━━━━━ Supplied data ━━━━━

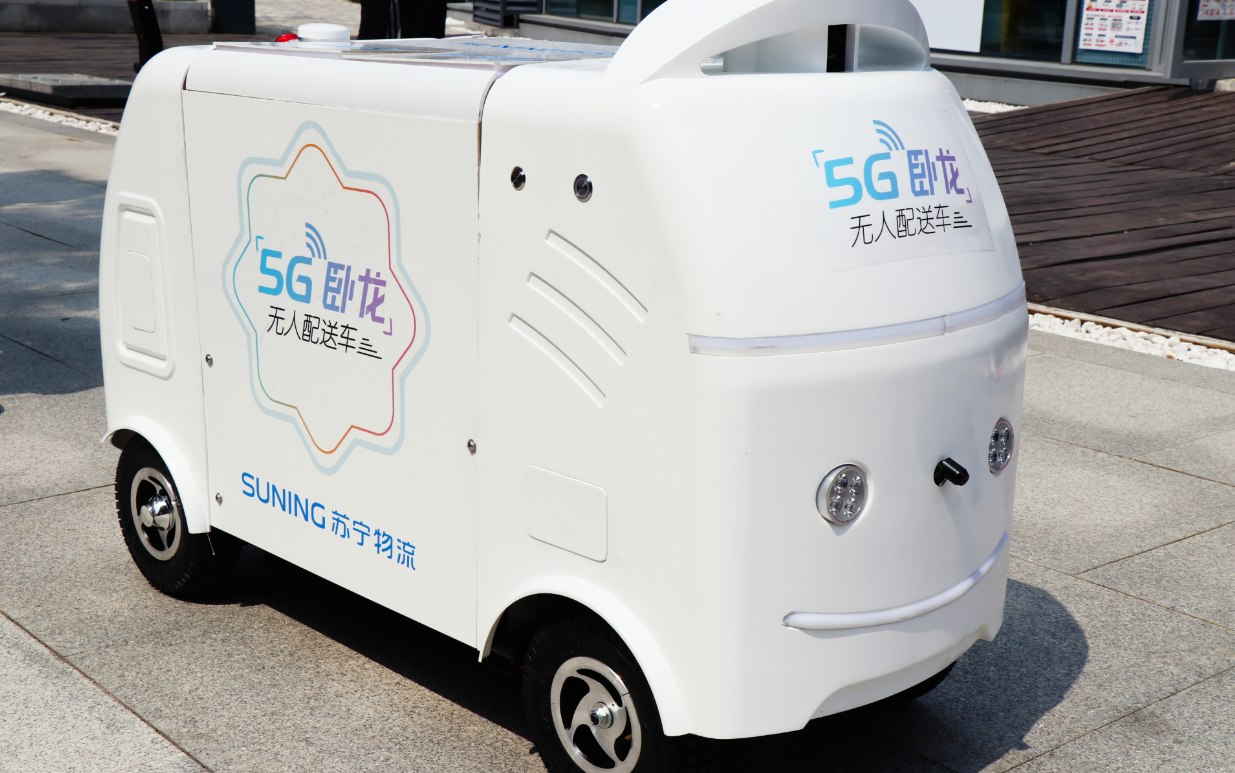 (圖:2019年8月17日,蘇寧物流5G“臥龍一號”無人配送車在南京實(shí)測成功 )
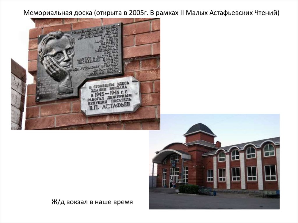 Мемориальная доска (открыта в 2005г. В рамках II Малых Астафьевских Чтений)Ж/д вокзал в наше время
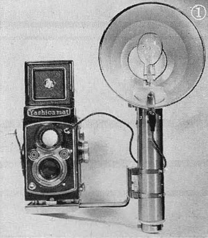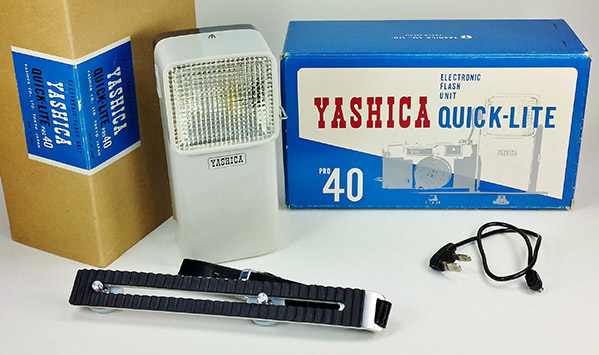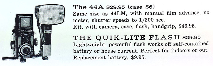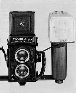 Below is an ad for what may be the original “Yashica Quick-Lite” electronic flash showing it attached to a Yashica 44A:
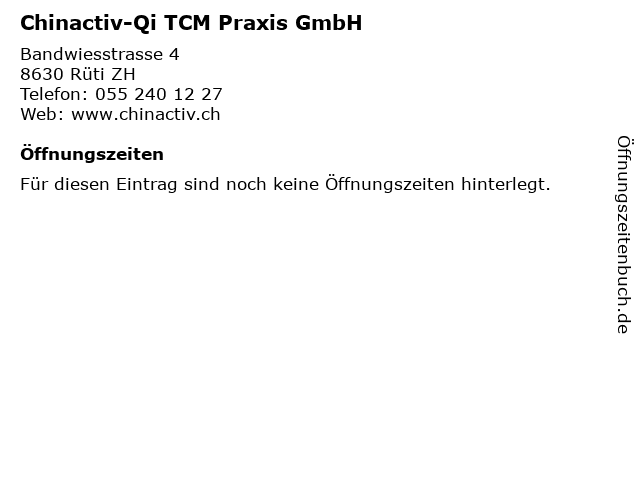 | Öffnungszeiten Chinactiv-Qi TCM Praxis GmbH in Rüti ZH anzeigen | |
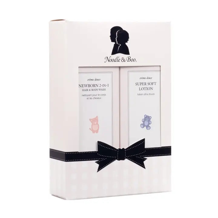 Our #1 bestselling gift set, and the perfect choice for newborns and babies. This trusted duo provides safe, gentle care for delicate skin from the very beginning. Set includes: • Newborn 2-in-1 Hair & Body Wash (8 oz) — A high-moisture, low-suds formula that gently cleans hair and skin without stripping natural moisture. Enriched with provitamin B5 and vitamin E, it helps keep hair shiny, scalp balanced, and skin hydrated and soft • Super Soft Lotion (8 oz) — A lightweight, silky lotion with sweet almond oil, allantoin, and vitamins E and C to nourish, protect, and soothe delicate skin, leaving it comforted and smooth after every bath • Gentle formulas developed especially for baby’s delicate skin • Mild enough for daily use, safe for newborns and babies with sensitive skin Why You’ll Love It • A thoughtful starter set with two newborn care essentials • Clinically tested for sensitive skin, safe from day one • Convenient sizes for daily use at home or on-the-go • Perfectly packaged as a gift for new parents Our Promise: • Hypoallergenic • Pediatrician-tested & Dermatologist-tested • Cruelty-free and Non-toxic • Made in USA • Free from Parabens, Phthalates, Sulfates, PPGs, and Dyes
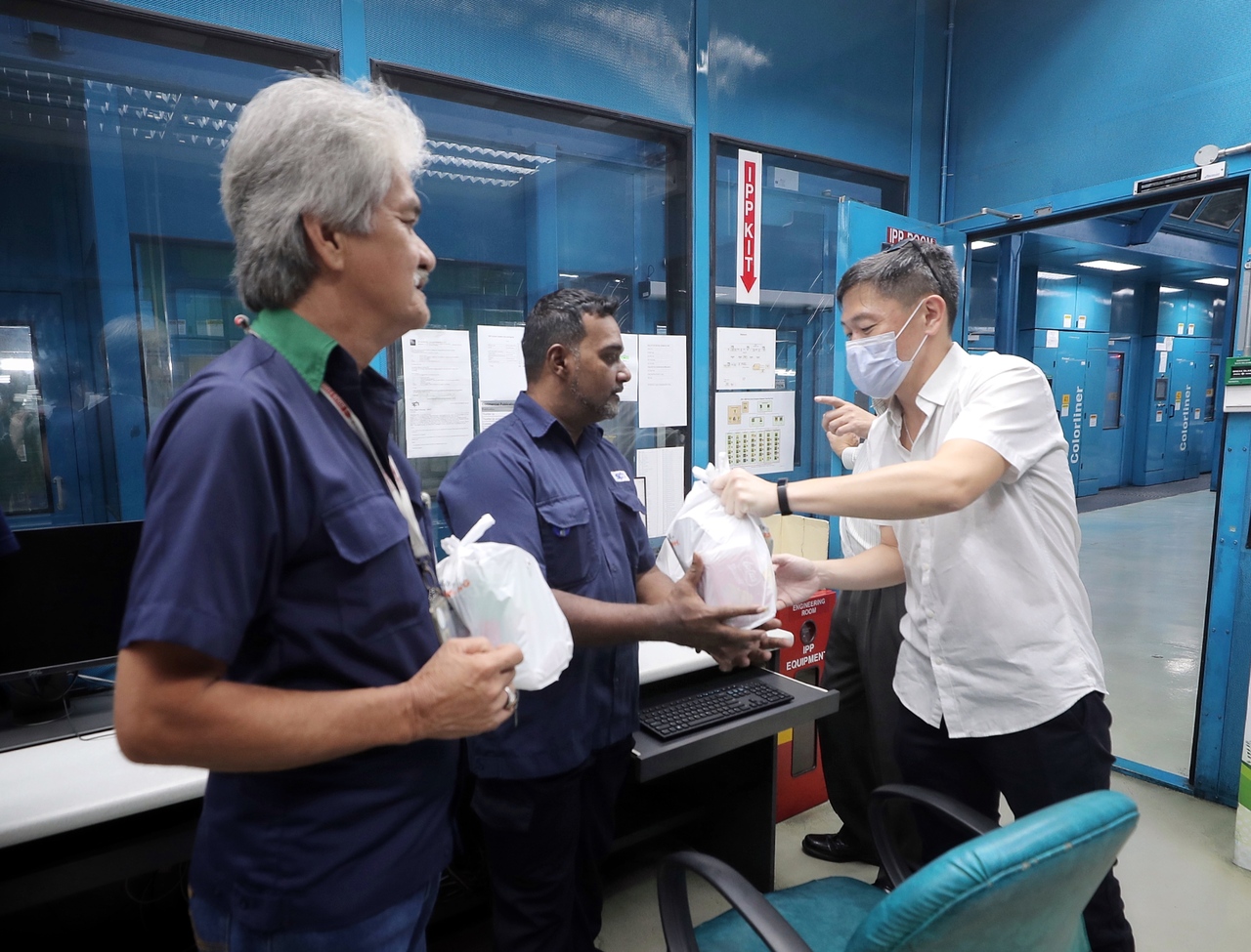 On Saturday, Mr Tan visited SPH's print centre at Jurong Port Road, where he handed out care packages containing items such as vouchers for daily necessities, hand sanitiser, biscuits and Milo packets to the staff.
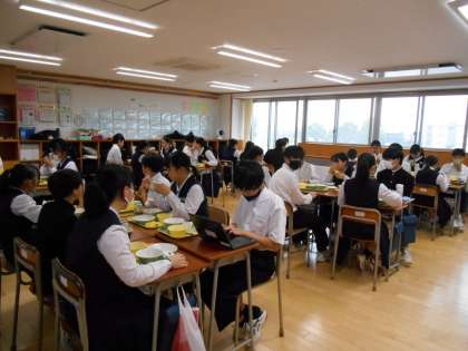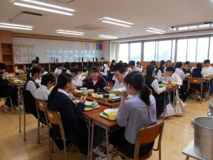2年生は、グループの形になって和やかに給食の時間を過ごしています。
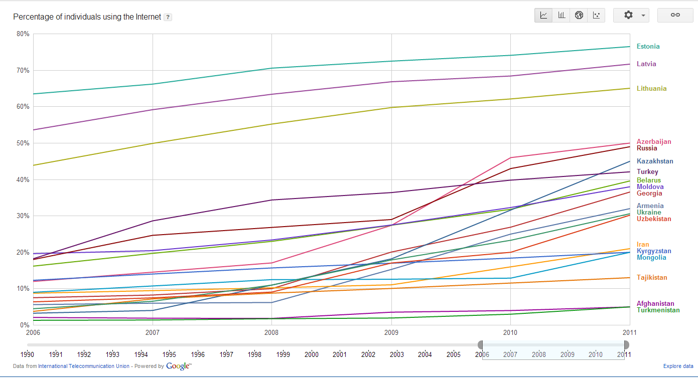Еще пара выводов этого сравнительного анализа по проникновению Интернета. Довольно часто в исследованиях различного характера (экономических, социальных, политических) сравниваются показатели стран бывшего СССР со странами Европы (чаще всего по регионам: Западной, Восточной, Северной и Южной Европы). Можно отметить, что по показателям развития Интернета ряд стран бывшего ССР существенно опережают не самые отсталые страны Европы, например Турция отстает от России, Азербайджана и Казахстана, не говоря уже о прибалтийских странах. Так что опыт Турции вряд ли будет способствовать развитию ИКТ в Таджикистане. А вот зачем простому эстонцу Интернет? Три четверти эстонцев пользуются возможностями всемирной сети, сберегая время и деньги – оформляют большинство документов он-лайн через порталы государственных учреждений, покупают товары в интернет-магазинах, оплачивают коммунальные услуги через Интернет. Интернет-по-эстонски – это эффективно и практично. К этому надо стремиться и это вполне достижимо. Доля пользователей Интернет
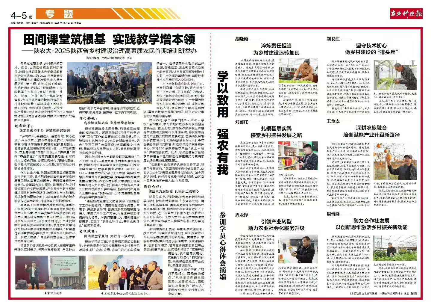11月27日,《农业科技报》以整版篇幅,聚焦我校主办的“陕农大·2025陕西省乡村建设治理高素质农民首期培训班”,全面报道了本次培训的创新模式与实践成效。
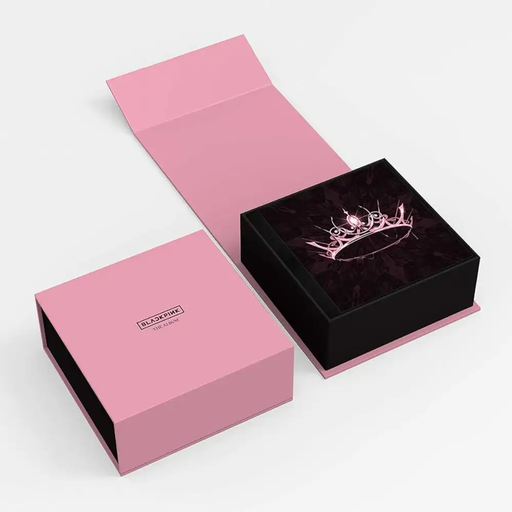 • El empaque de The Album Versión 2 está diseñado con una portada artística de edición limitada, impresa en papel de alta calidad con acabados brillantes y relieve, y viene sellado en una caja rígida que protege el disco y los materiales adicionales, convirtiéndolo en un objeto de colección que aumenta su valor con el tiempo.
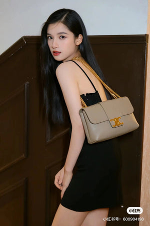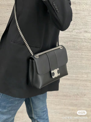 Victoire Handbag Is a 24-New Product Line, Which Means "Victory". the Iconic Metal Triomphe Lock Embellishes the Exquisite Bag Body to Show the Modern Posture.⛓️. High-Grade Grain Surface and Soft Hand Feeling, Lightweight and Large-Capacity Chain Design?️One Shoulder?️Crossbody Snap Button Closure!
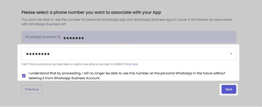After the page auto-refreshes, select the number connected to WABA from the list, check the warning about this number being unavailable in your personal account, and click "Next".
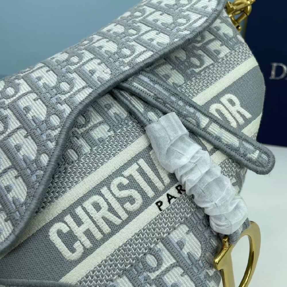 - The iconic saddle bag. Fully embroidered with the house's signature logo, this style features a "saddle" flap with a magnetic "D" closure in the shape of a saddle and antiqued gold accents on either side of the handle. The metal "CD" logo complements the legendary logo in style. Wear it as a tote or shoulder bag, or customize it with the optional shoulder strap.
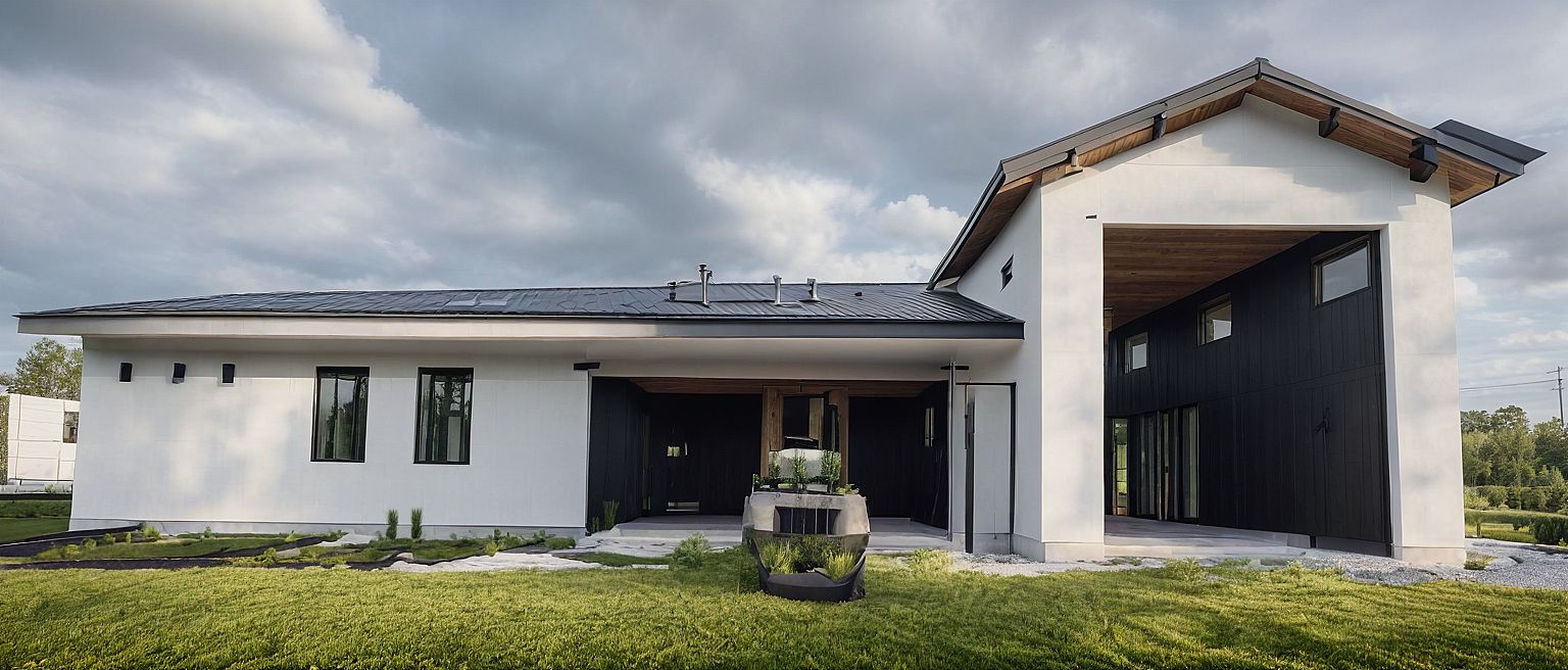 PromptExterior white stucco walls, modern farmhouse, black standing seam roof, grass landscaping
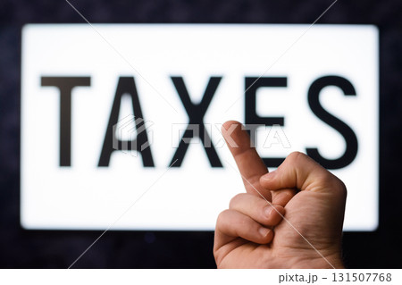 Taxes reform. Frustrated man showing middle finger to a screen with inscription TAXES

━━━━━

_About this exercise_
Return the entries above exactly and in full; do not include images.

_Answer to the problem_
 (圖:2019年8月17日,蘇寧物流5G“臥龍一號”無人配送車在南京實(shí)測成功 )
 Мемориальная доска (открыта в 2005г. В рамках II Малых Астафьевских Чтений)Ж/д вокзал в наше время
 Below is an ad for what may be the original “Yashica Quick-Lite” electronic flash showing it attached to a Yashica 44A:
 | Öffnungszeiten Chinactiv-Qi TCM Praxis GmbH in Rüti ZH anzeigen | |
 Our #1 bestselling gift set, and the perfect choice for newborns and babies. This trusted duo provides safe, gentle care for delicate skin from the very beginning. Set includes: • Newborn 2-in-1 Hair & Body Wash (8 oz) — A high-moisture, low-suds formula that gently cleans hair and skin without stripping natural moisture. Enriched with provitamin B5 and vitamin E, it helps keep hair shiny, scalp balanced, and skin hydrated and soft • Super Soft Lotion (8 oz) — A lightweight, silky lotion with sweet almond oil, allantoin, and vitamins E and C to nourish, protect, and soothe delicate skin, leaving it comforted and smooth after every bath • Gentle formulas developed especially for baby’s delicate skin • Mild enough for daily use, safe for newborns and babies with sensitive skin Why You’ll Love It • A thoughtful starter set with two newborn care essentials • Clinically tested for sensitive skin, safe from day one • Convenient sizes for daily use at home or on-the-go • Perfectly packaged as a gift for new parents Our Promise: • Hypoallergenic • Pediatrician-tested & Dermatologist-tested • Cruelty-free and Non-toxic • Made in USA • Free from Parabens, Phthalates, Sulfates, PPGs, and Dyes
 On Saturday, Mr Tan visited SPH's print centre at Jurong Port Road, where he handed out care packages containing items such as vouchers for daily necessities, hand sanitiser, biscuits and Milo packets to the staff.
2年生は、グループの形になって和やかに給食の時間を過ごしています。
Еще пара выводов этого сравнительного анализа по проникновению Интернета. Довольно часто в исследованиях различного характера (экономических, социальных, политических) сравниваются показатели стран бывшего СССР со странами Европы (чаще всего по регионам: Западной, Восточной, Северной и Южной Европы). Можно отметить, что по показателям развития Интернета ряд стран бывшего ССР существенно опережают не самые отсталые страны Европы, например Турция отстает от России, Азербайджана и Казахстана, не говоря уже о прибалтийских странах. Так что опыт Турции вряд ли будет способствовать развитию ИКТ в Таджикистане. А вот зачем простому эстонцу Интернет? Три четверти эстонцев пользуются возможностями всемирной сети, сберегая время и деньги – оформляют большинство документов он-лайн через порталы государственных учреждений, покупают товары в интернет-магазинах, оплачивают коммунальные услуги через Интернет. Интернет-по-эстонски – это эффективно и практично. К этому надо стремиться и это вполне достижимо. Доля пользователей Интернет
11月27日,《农业科技报》以整版篇幅,聚焦我校主办的“陕农大·2025陕西省乡村建设治理高素质农民首期培训班”,全面报道了本次培训的创新模式与实践成效。
 • El empaque de The Album Versión 2 está diseñado con una portada artística de edición limitada, impresa en papel de alta calidad con acabados brillantes y relieve, y viene sellado en una caja rígida que protege el disco y los materiales adicionales, convirtiéndolo en un objeto de colección que aumenta su valor con el tiempo.
 Victoire Handbag Is a 24-New Product Line, Which Means "Victory". the Iconic Metal Triomphe Lock Embellishes the Exquisite Bag Body to Show the Modern Posture.⛓️. High-Grade Grain Surface and Soft Hand Feeling, Lightweight and Large-Capacity Chain Design?️One Shoulder?️Crossbody Snap Button Closure!
After the page auto-refreshes, select the number connected to WABA from the list, check the warning about this number being unavailable in your personal account, and click "Next".
 - The iconic saddle bag. Fully embroidered with the house's signature logo, this style features a "saddle" flap with a magnetic "D" closure in the shape of a saddle and antiqued gold accents on either side of the handle. The metal "CD" logo complements the legendary logo in style. Wear it as a tote or shoulder bag, or customize it with the optional shoulder strap.
 PromptExterior white stucco walls, modern farmhouse, black standing seam roof, grass landscaping
 Taxes reform. Frustrated man showing middle finger to a screen with inscription TAXES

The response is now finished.